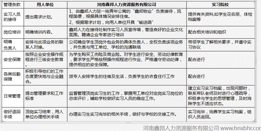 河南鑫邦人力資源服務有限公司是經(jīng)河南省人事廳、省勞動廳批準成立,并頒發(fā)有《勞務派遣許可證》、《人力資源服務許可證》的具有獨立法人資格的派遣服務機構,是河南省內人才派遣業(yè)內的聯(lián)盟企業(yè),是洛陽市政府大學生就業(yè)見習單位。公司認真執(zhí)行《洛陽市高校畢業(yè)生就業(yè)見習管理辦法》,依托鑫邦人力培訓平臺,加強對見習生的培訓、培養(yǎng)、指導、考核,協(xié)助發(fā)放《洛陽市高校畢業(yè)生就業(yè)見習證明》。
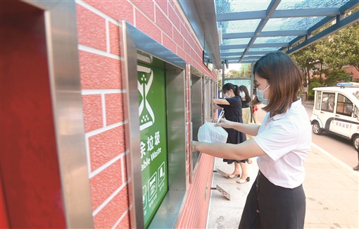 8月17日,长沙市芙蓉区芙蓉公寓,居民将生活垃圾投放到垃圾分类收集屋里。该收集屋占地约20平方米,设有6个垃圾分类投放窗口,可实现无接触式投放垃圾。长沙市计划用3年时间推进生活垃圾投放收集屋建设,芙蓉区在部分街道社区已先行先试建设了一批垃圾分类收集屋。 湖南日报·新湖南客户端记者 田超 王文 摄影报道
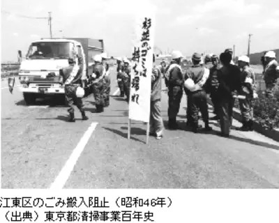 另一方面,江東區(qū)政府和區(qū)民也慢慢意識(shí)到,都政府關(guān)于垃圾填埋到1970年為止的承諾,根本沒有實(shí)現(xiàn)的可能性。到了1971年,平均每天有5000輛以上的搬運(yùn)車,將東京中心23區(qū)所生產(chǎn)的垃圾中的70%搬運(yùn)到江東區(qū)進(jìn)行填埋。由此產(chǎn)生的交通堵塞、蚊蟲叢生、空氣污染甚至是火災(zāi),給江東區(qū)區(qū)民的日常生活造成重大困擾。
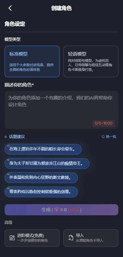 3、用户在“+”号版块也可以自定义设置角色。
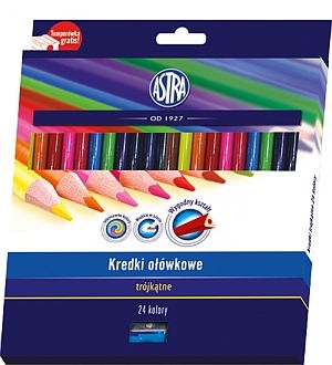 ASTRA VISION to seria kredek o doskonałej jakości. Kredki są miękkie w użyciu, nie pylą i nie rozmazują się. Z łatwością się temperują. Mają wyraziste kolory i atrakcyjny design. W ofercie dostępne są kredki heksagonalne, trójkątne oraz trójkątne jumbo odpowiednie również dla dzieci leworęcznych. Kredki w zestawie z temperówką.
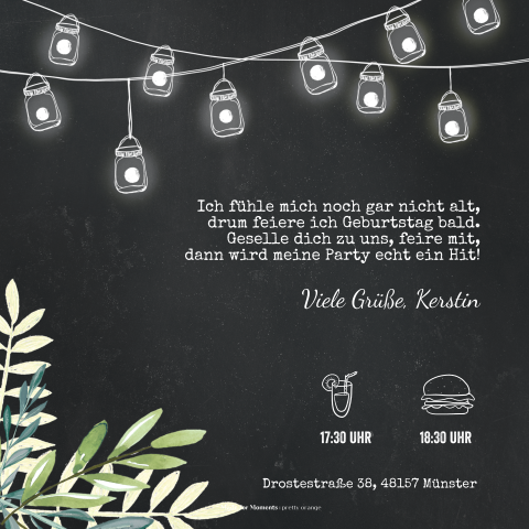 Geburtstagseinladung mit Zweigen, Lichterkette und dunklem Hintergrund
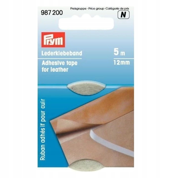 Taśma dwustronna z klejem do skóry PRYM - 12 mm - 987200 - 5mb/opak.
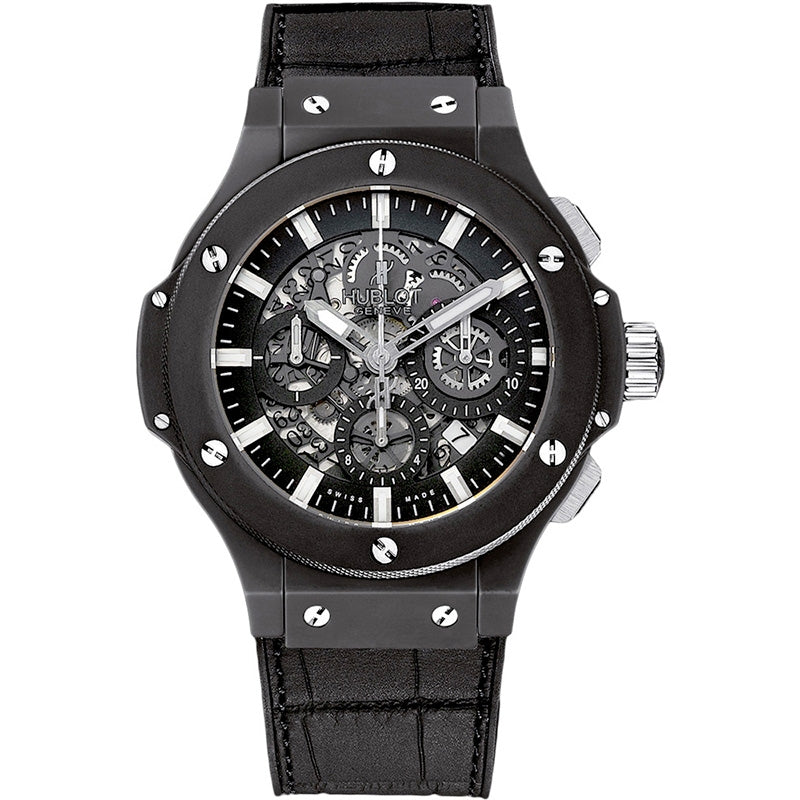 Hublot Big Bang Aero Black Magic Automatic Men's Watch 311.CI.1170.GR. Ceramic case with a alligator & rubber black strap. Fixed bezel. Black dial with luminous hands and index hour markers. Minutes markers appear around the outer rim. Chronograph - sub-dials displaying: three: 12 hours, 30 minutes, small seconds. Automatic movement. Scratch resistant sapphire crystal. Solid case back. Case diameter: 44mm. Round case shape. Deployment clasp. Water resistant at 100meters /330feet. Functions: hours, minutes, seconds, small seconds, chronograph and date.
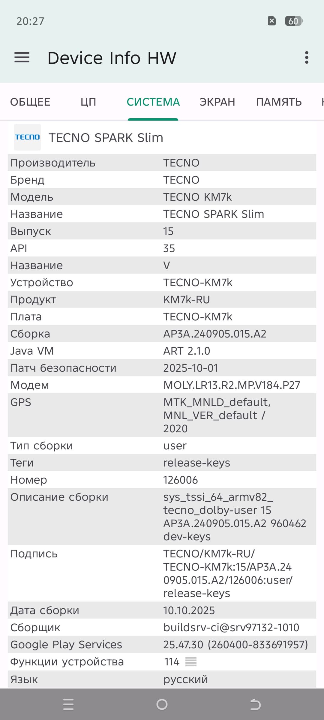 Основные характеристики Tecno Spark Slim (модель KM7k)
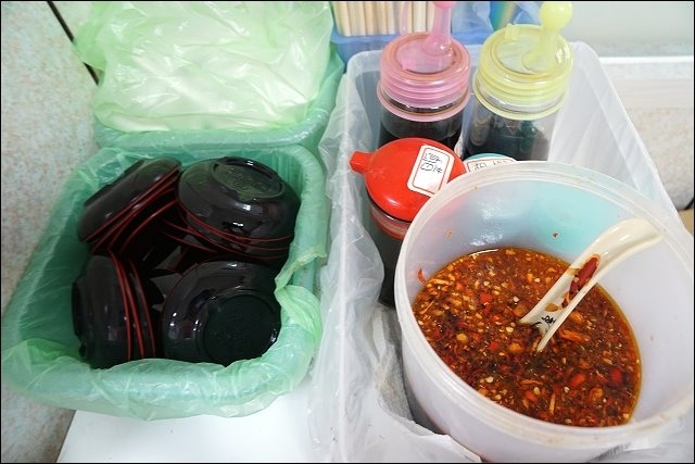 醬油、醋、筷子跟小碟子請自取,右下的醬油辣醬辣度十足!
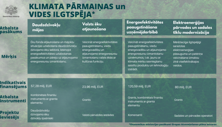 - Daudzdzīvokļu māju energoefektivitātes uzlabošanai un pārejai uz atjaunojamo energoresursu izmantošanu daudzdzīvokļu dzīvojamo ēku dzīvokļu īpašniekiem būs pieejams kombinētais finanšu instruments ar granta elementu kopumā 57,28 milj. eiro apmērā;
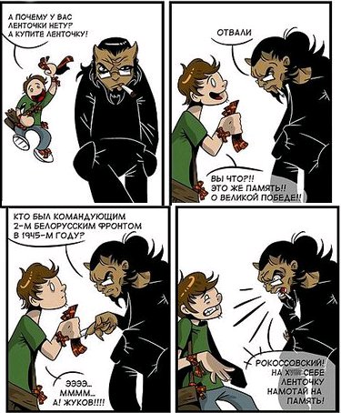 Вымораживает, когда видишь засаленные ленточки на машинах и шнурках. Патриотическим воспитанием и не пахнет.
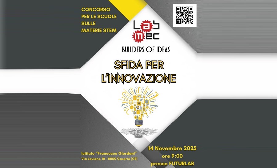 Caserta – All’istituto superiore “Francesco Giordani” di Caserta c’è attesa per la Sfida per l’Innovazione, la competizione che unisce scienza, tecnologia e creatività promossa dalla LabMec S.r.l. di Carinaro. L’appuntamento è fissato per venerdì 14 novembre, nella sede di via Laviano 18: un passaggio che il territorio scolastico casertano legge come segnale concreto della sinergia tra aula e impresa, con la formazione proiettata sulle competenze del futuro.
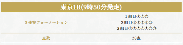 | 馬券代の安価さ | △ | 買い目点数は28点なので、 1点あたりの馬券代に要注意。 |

==

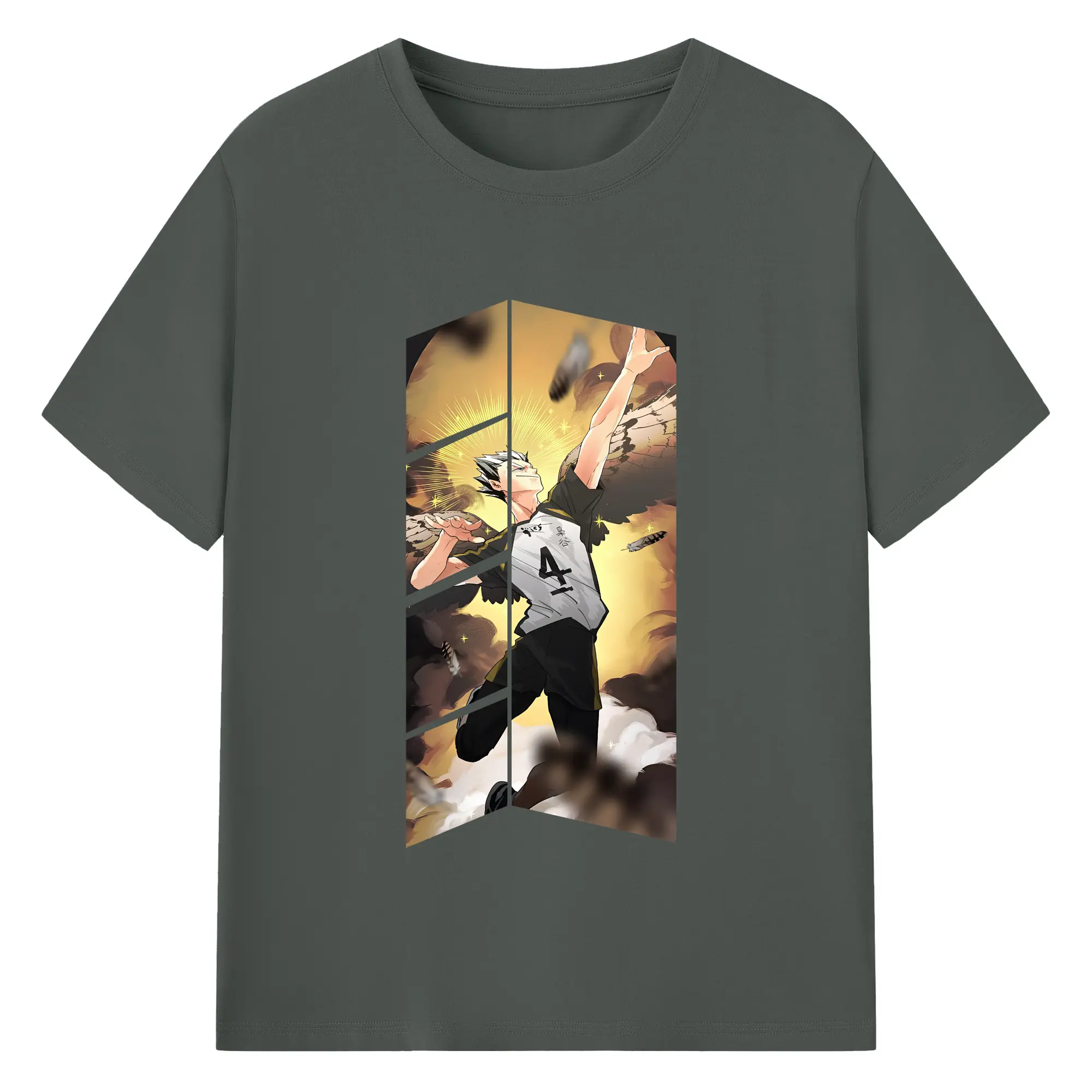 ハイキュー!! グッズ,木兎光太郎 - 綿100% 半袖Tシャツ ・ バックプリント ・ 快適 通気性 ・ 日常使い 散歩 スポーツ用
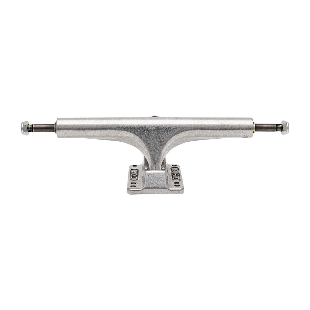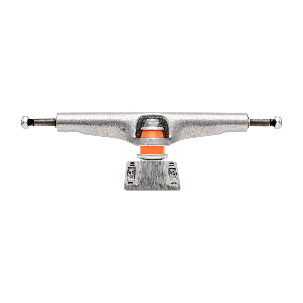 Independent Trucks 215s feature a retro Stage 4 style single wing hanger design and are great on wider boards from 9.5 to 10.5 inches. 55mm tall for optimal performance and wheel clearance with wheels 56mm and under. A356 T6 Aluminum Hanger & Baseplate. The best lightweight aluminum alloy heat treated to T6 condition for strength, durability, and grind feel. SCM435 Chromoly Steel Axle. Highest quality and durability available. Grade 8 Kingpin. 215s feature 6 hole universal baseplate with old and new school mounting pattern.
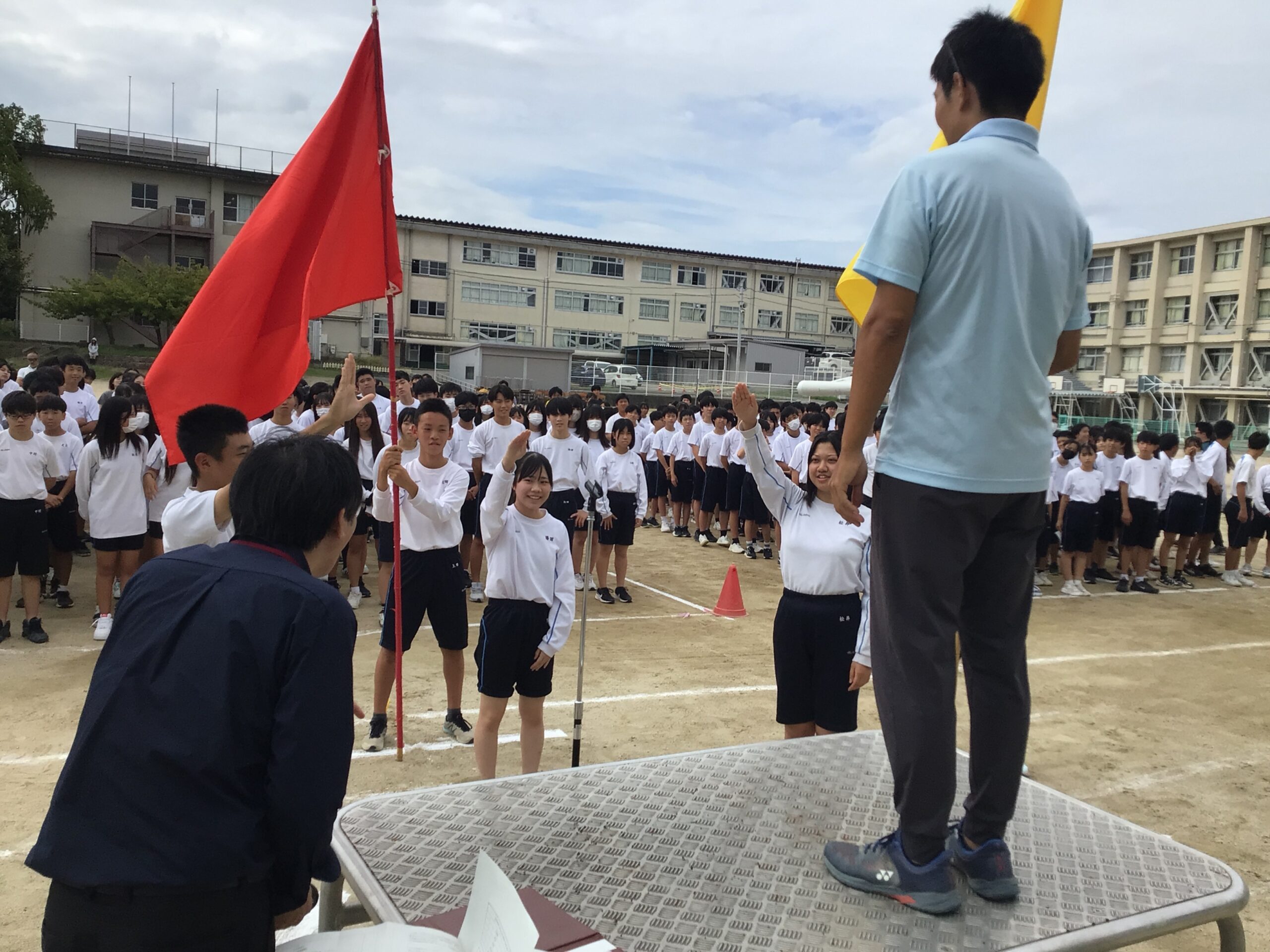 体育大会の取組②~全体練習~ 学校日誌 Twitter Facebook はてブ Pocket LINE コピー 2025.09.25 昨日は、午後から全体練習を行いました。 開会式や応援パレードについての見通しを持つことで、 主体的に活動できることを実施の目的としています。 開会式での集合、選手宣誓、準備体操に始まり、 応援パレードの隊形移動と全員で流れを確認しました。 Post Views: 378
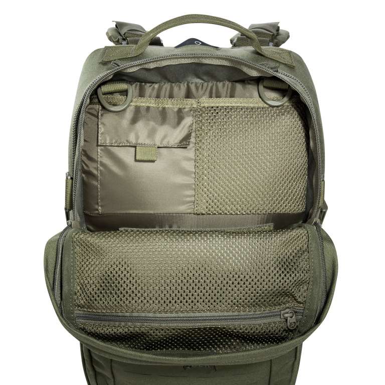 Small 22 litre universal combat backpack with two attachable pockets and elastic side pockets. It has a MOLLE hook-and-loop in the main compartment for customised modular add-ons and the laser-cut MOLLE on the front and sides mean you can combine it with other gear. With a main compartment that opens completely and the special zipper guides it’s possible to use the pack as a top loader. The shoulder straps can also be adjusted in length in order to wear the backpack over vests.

== Task item ==
Everything above from the line containing "河南鑫邦人力資源服務有限公司" down to the line containing "Taśma dwustronna z" is to be duplicated exactly, both lines included, and the pictures are to be omitted.

== Reply ==
 河南鑫邦人力資源服務有限公司是經(jīng)河南省人事廳、省勞動廳批準成立,并頒發(fā)有《勞務派遣許可證》、《人力資源服務許可證》的具有獨立法人資格的派遣服務機構,是河南省內人才派遣業(yè)內的聯(lián)盟企業(yè),是洛陽市政府大學生就業(yè)見習單位。公司認真執(zhí)行《洛陽市高校畢業(yè)生就業(yè)見習管理辦法》,依托鑫邦人力培訓平臺,加強對見習生的培訓、培養(yǎng)、指導、考核,協(xié)助發(fā)放《洛陽市高校畢業(yè)生就業(yè)見習證明》。
 8月17日,长沙市芙蓉区芙蓉公寓,居民将生活垃圾投放到垃圾分类收集屋里。该收集屋占地约20平方米,设有6个垃圾分类投放窗口,可实现无接触式投放垃圾。长沙市计划用3年时间推进生活垃圾投放收集屋建设,芙蓉区在部分街道社区已先行先试建设了一批垃圾分类收集屋。 湖南日报·新湖南客户端记者 田超 王文 摄影报道
 另一方面,江東區(qū)政府和區(qū)民也慢慢意識(shí)到,都政府關(guān)于垃圾填埋到1970年為止的承諾,根本沒有實(shí)現(xiàn)的可能性。到了1971年,平均每天有5000輛以上的搬運(yùn)車,將東京中心23區(qū)所生產(chǎn)的垃圾中的70%搬運(yùn)到江東區(qū)進(jìn)行填埋。由此產(chǎn)生的交通堵塞、蚊蟲叢生、空氣污染甚至是火災(zāi),給江東區(qū)區(qū)民的日常生活造成重大困擾。
 3、用户在“+”号版块也可以自定义设置角色。
 ASTRA VISION to seria kredek o doskonałej jakości. Kredki są miękkie w użyciu, nie pylą i nie rozmazują się. Z łatwością się temperują. Mają wyraziste kolory i atrakcyjny design. W ofercie dostępne są kredki heksagonalne, trójkątne oraz trójkątne jumbo odpowiednie również dla dzieci leworęcznych. Kredki w zestawie z temperówką.
 Geburtstagseinladung mit Zweigen, Lichterkette und dunklem Hintergrund
 Taśma dwustronna z klejem do skóry PRYM - 12 mm - 987200 - 5mb/opak.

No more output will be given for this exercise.